Block-Level Executor (sub_1CE67D0, 32KB)
This function processes one basic block at a time, creating two kinds of instruction clones distinguished by their name prefixes:
remat_ prefix: The value was live-in to the block and is being recomputed from scratch. The defining instruction is duplicated via sub_15F4880, named with the "remat_" prefix via sub_164B780, and inserted at the use site. This is full rematerialization.
uclone_ prefix: The value already has a definition in the block's dominance chain, but a local copy is needed to shorten the live range. The instruction is cloned and named "uclone_". This is a use-level clone for live range splitting, not pure rematerialization.
After cloning, both variants update use-def chains via sub_1648780 and set debug locations via sub_15F22F0.
Pull-In Cost Model (sub_1CE3AF0, 56KB)
The cost model evaluates each candidate for rematerialization by computing:
pull_in_cost = base_cost * use_factor
Where base_cost is the sum of per-instruction costs along the value's def chain (sub_1CD0460), and use_factor is accumulated from per-use costs (sub_1CD3A10), with different cost tables for uses in different loop nests.
Candidates are filtered by three thresholds:
| Filter | Condition | Default |
|---|---|---|
| Use limit | use_count > remat-use-limit AND use_factor >= remat-loop-trip | 10 uses, 20 trips |
| GEP cost | cost > remat-gep-cost AND opcode is GEP | 6000 |
| Single cost | cost > remat-single-cost-limit (unless remat-ignore-single-cost) | 6000 |
After scoring, candidates are sorted by cost (cheapest first via selection sort), and the cheapest N are selected where N is the target reduction count. At dump-remat >= 4, the pass prints "Total pull-in cost = %d".
NLO -- Simplify Live Output (sub_1CE10B0 + sub_1CDC1F0)
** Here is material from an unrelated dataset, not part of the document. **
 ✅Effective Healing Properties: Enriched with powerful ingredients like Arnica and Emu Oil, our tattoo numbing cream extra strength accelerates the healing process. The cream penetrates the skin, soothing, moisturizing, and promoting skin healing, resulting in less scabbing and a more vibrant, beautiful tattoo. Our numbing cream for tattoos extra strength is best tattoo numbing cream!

The NLO sub-pass normalizes live-out values at block boundaries to reduce register pressure. Controlled by simplify-live-out (default 2):
- Level 1: Basic normalization only.
- Level 2 (default): Full normalization. Walks each block's live-out set and replaces values with simpler expressions.
- Level 3+: Extended patterns.
NLO creates two kinds of synthetic instructions:
nloNewBit: A bit-level operation (AND, extract, truncation) to reduce a live-out value to its actually-used bit width.nloNewAdd: A local add instruction to recompute an address/offset that was previously live-out, replacing it with a local computation.
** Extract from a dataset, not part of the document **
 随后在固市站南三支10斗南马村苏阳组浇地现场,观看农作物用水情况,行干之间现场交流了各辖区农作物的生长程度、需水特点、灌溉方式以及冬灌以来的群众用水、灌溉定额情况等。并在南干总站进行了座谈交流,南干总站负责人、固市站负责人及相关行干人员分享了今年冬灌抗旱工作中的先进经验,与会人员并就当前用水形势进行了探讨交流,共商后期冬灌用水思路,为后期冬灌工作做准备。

IV Demotion (sub_1CD74B0, 75KB)
The induction variable demotion sub-pass reduces register pressure by narrowing wide IVs (typically 64-bit to 32-bit). Controlled by remat-iv (default 4, meaning full demotion):
| Level | Behavior |
|---|---|
| 0 | Disabled |
| 1-2 | Basic IV demotion |
| 3 | Extended IV demotion |
| 4 | Full demotion including complex patterns (default) |
| 5+ | Aggressive mode |
The algorithm identifies PHI nodes at loop headers, checks whether the IV's value range fits in a smaller type (for 64-bit IVs: (val + 0x80000000) <= 0xFFFFFFFF), and creates narrower replacements:
demoteIV: A truncation of the original IV to a narrower type.newBaseIV: A new narrow PHI node to replace the wide loop IV.iv_base_clone_: A clone of the IV's base value for use in comparisons that need the original width.substIV: Replaces uses of the old IV with the demoted version.
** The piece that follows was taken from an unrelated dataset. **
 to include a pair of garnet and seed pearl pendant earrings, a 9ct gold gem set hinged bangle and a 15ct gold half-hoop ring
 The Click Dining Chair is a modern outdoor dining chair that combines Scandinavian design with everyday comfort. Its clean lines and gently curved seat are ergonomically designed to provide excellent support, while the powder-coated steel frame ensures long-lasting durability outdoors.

Multi-Pass Data Flow: Rematerialization / IV Demotion / NLO
The IR-level rematerialization pass (nvvmrematerialize) contains three cooperating sub-passes that execute in a fixed sequence within a single pass invocation. The following diagram shows the data each sub-pass produces and consumes, and the feedback loop that drives iterative pressure reduction.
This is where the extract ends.